Tavuk Eti Yiyen Sokak Kedisinin Çağrıştırdıkları

İş dönüşü mahalle içinde, yol üzerinde, çöpe atılmış veya birisinin getirdiği tavuk eti parçaları yemeğe çalışan bir kedi dikkatimi çekiyor.  Onu ürkütmemek için biraz uzağından geçiyorum.

İnsan davranışları çevre üzerinde önemli etkilere sahiptir. Tepkili-tepkisiz, duyarlı-duyarsız davranışlar…  Yürüme esnasında bu davranışların kedi üzerindeki etkilerini düşünmeye dalıyorum.

Kedinin içinde bulunduğu durumu görmezden gelen bir kişilik açısından olaya bakarsak, kedi ve yedikleri bu kişi için bir anlam ifade etmiyor olmalıdır.

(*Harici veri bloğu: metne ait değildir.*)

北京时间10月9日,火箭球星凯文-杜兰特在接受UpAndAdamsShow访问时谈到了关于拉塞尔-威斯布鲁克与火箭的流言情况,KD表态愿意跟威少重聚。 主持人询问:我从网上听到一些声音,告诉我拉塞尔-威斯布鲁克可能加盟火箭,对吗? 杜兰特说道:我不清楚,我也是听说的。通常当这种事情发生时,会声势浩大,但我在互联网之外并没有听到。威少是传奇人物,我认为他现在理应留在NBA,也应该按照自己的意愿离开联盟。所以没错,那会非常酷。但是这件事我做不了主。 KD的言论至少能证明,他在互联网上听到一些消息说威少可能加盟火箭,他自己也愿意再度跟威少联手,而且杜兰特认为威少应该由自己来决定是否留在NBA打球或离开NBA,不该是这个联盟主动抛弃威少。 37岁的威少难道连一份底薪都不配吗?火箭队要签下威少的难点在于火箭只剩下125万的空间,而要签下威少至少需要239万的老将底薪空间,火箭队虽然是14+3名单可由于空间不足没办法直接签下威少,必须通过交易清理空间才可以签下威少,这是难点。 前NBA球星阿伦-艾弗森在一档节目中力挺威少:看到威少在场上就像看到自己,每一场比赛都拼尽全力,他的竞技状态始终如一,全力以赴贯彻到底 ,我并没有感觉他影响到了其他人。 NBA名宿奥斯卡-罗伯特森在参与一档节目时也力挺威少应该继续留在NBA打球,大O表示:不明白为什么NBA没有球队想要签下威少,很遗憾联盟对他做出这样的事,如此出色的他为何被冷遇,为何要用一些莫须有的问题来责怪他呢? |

Böyle bir kişilik tanık olduğu pek çok olaya da pek önem vermeyecektir.

Bu olaya tanık olup özneyle nesne ilişkisini bozmak istemeyenler benim gibi olay mahallinden uzak durmaya çalışacak, bu olayın hayat içindeki anlamını sorgulayacak veya belki kafasındaki meşguliyetiyle yoluna devam edecektir.

Bir başka kişilik kediye yediklerinin yeterli gelmediğini düşünerek daha fazla yiyecek temin etmeye çalışacaktır. Bu, girdiği her ortama bir katkı sağlamayı amaç edinmiş birinin tutumu olsa gerek.

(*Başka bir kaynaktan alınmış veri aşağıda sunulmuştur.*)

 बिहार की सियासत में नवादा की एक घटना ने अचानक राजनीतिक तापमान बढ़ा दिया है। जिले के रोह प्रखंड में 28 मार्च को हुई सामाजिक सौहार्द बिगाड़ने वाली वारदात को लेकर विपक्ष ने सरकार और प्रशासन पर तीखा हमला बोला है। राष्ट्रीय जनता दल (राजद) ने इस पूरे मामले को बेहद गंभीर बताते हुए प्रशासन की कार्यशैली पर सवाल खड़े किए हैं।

Bir diğeri kediyi kovalayarak, ona taş atarak kediyi yiyeceğinden mahrum etmenin aklı sıra keyfini çıkaracaktır. Bu kafa, çevresini rahatsız eden, onlara zarar veren bir sorumsuzluk içindedir.

Kedinin yiyeceğinden mahrum edilmesine tanık olan başka biri, bu olayı alkışlamakta, durumla eğlenmektedir. Bu duyarsız kişilik, olasıdır ki doğru veya yanlış, iyi veya kötü ayrımı yapmaksızın çevrede olup bitenlerden zevk almaktadır.

Bu düşünceler arasında bir de kediye o yiyeceği getirmiş olabilecek insanı aklımdan geçirdim. Bu olay mahallinden 500 mt. geride, çimenlerle betonun birleştiği yerde, geniş hacimli su dolu iki plastik kova görmüştüm. Sanırım bir çeşit yoğurt kabı olmalıydı. Bir anda beynimde iki olay birleşmişti. Onu da oraya birileri koymuş olmalıydı. O suyu kuşlar, kediler ve köpekler kullanabilirdi.

Bir de bu iyiliksever insanları doğru, iyi, yararlı ve güzel olana teşvik eden insanlar vardı. Onlar, hayırlı olan işleri yaymayı ve artırmayı hedeflemişlerdi. Yaptıkları doğru işlerden huzur duyan, bunlarla mutlu olan, gücünü buradan alan insanların sahip oldukları güven kalıcı olmalıydı.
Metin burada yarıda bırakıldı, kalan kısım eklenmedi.